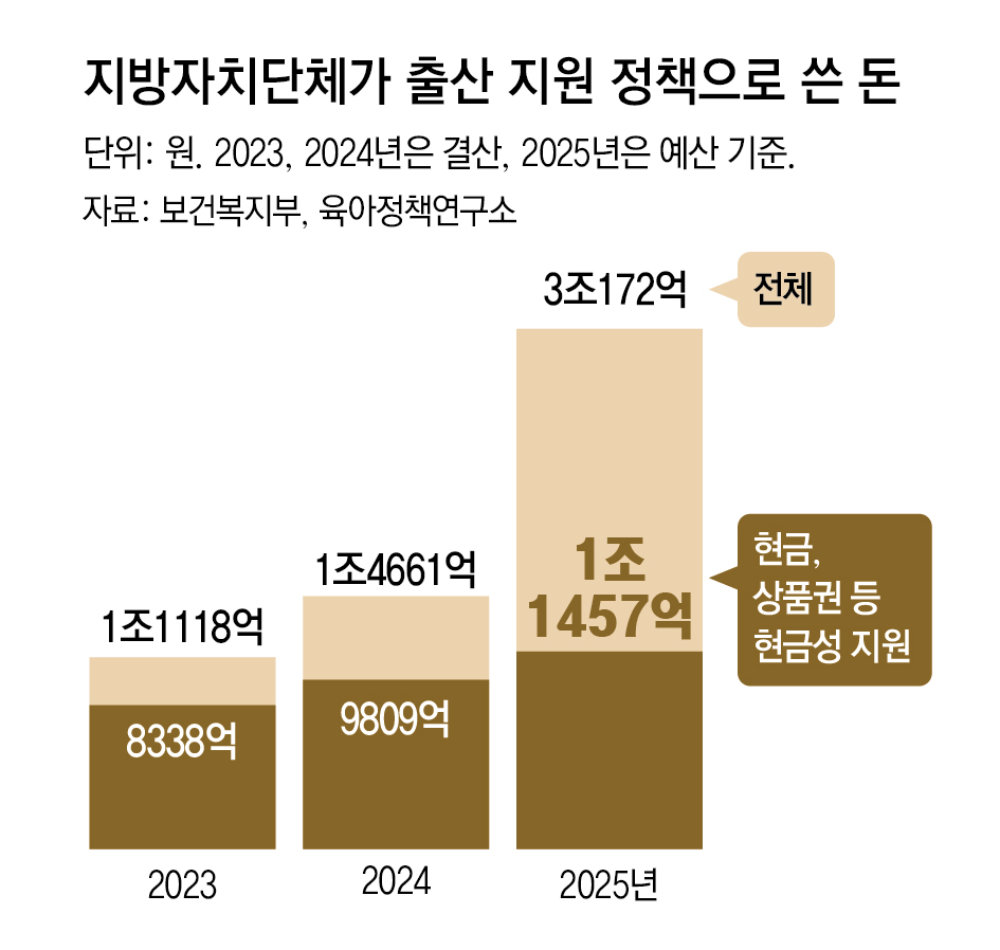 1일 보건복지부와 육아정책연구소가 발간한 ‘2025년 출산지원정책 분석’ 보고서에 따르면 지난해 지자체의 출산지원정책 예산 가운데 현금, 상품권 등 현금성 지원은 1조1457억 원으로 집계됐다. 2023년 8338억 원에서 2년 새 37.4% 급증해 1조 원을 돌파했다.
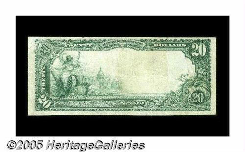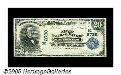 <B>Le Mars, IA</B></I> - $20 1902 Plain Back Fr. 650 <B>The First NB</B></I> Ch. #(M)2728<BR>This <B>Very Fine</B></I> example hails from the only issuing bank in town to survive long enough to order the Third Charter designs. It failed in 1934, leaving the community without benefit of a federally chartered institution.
==
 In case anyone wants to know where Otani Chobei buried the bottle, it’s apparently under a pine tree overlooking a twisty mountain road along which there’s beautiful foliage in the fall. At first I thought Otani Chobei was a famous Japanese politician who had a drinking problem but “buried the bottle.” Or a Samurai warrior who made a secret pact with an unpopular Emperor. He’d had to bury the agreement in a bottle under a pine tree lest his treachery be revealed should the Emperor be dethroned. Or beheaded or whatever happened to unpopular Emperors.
==
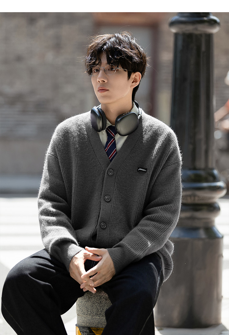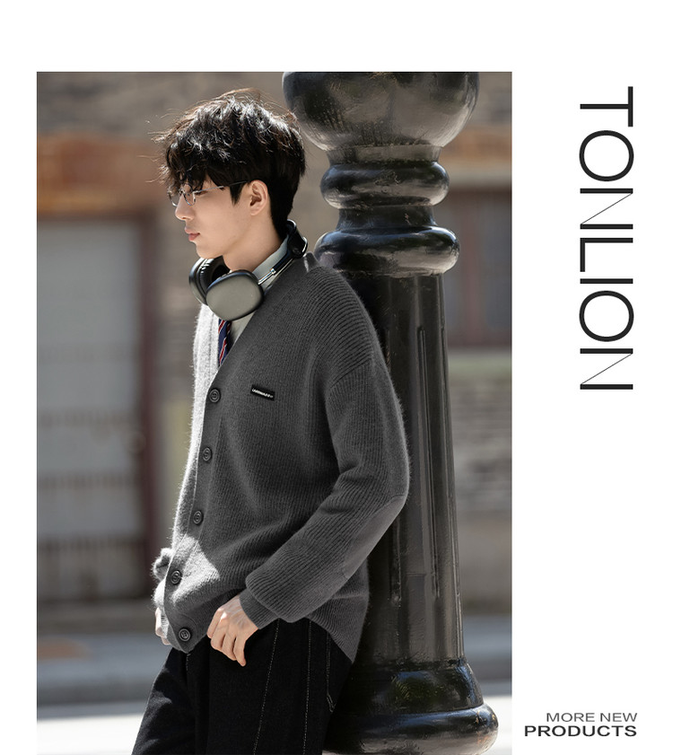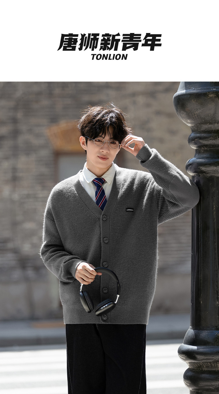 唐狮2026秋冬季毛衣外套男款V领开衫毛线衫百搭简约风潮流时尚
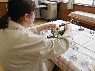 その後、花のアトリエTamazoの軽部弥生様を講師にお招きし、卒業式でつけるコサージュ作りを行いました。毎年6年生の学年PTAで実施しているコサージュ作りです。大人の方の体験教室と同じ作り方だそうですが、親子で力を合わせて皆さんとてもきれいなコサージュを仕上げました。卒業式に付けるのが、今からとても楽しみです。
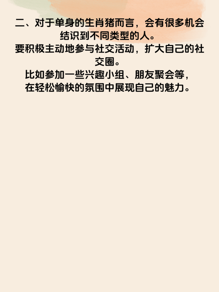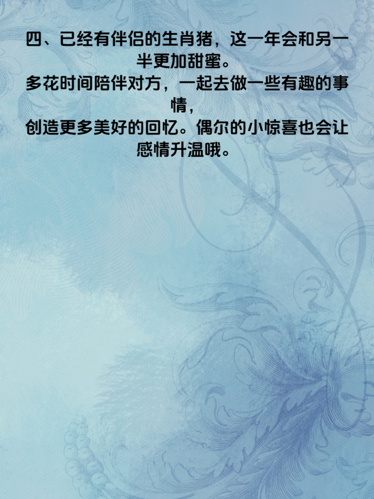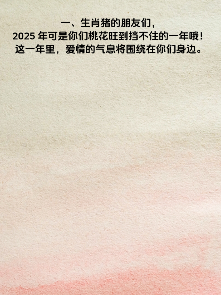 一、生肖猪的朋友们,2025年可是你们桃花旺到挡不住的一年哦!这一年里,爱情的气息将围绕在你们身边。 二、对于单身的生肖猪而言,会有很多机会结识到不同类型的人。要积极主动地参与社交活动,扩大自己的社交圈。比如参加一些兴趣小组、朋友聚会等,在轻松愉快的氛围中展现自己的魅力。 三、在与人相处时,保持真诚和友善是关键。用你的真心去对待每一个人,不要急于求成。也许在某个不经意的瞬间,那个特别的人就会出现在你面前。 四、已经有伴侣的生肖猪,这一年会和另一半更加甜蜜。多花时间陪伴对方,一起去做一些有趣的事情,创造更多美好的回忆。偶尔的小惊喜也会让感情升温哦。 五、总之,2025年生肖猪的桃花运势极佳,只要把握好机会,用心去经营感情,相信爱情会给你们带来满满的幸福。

-- EXERCISE --
Print nothing but the lines above starting with the line that contains "唐狮2026秋冬季毛衣外套男款V领开衫毛线衫百搭简约风潮流时尚" and going on through the line that contains "その後、花のアトリエTama". Leave out the pictures.

-- RESPONSE AREA --
 唐狮2026秋冬季毛衣外套男款V领开衫毛线衫百搭简约风潮流时尚
 その後、花のアトリエTamazoの軽部弥生様を講師にお招きし、卒業式でつけるコサージュ作りを行いました。毎年6年生の学年PTAで実施しているコサージュ作りです。大人の方の体験教室と同じ作り方だそうですが、親子で力を合わせて皆さんとてもきれいなコサージュを仕上げました。卒業式に付けるのが、今からとても楽しみです。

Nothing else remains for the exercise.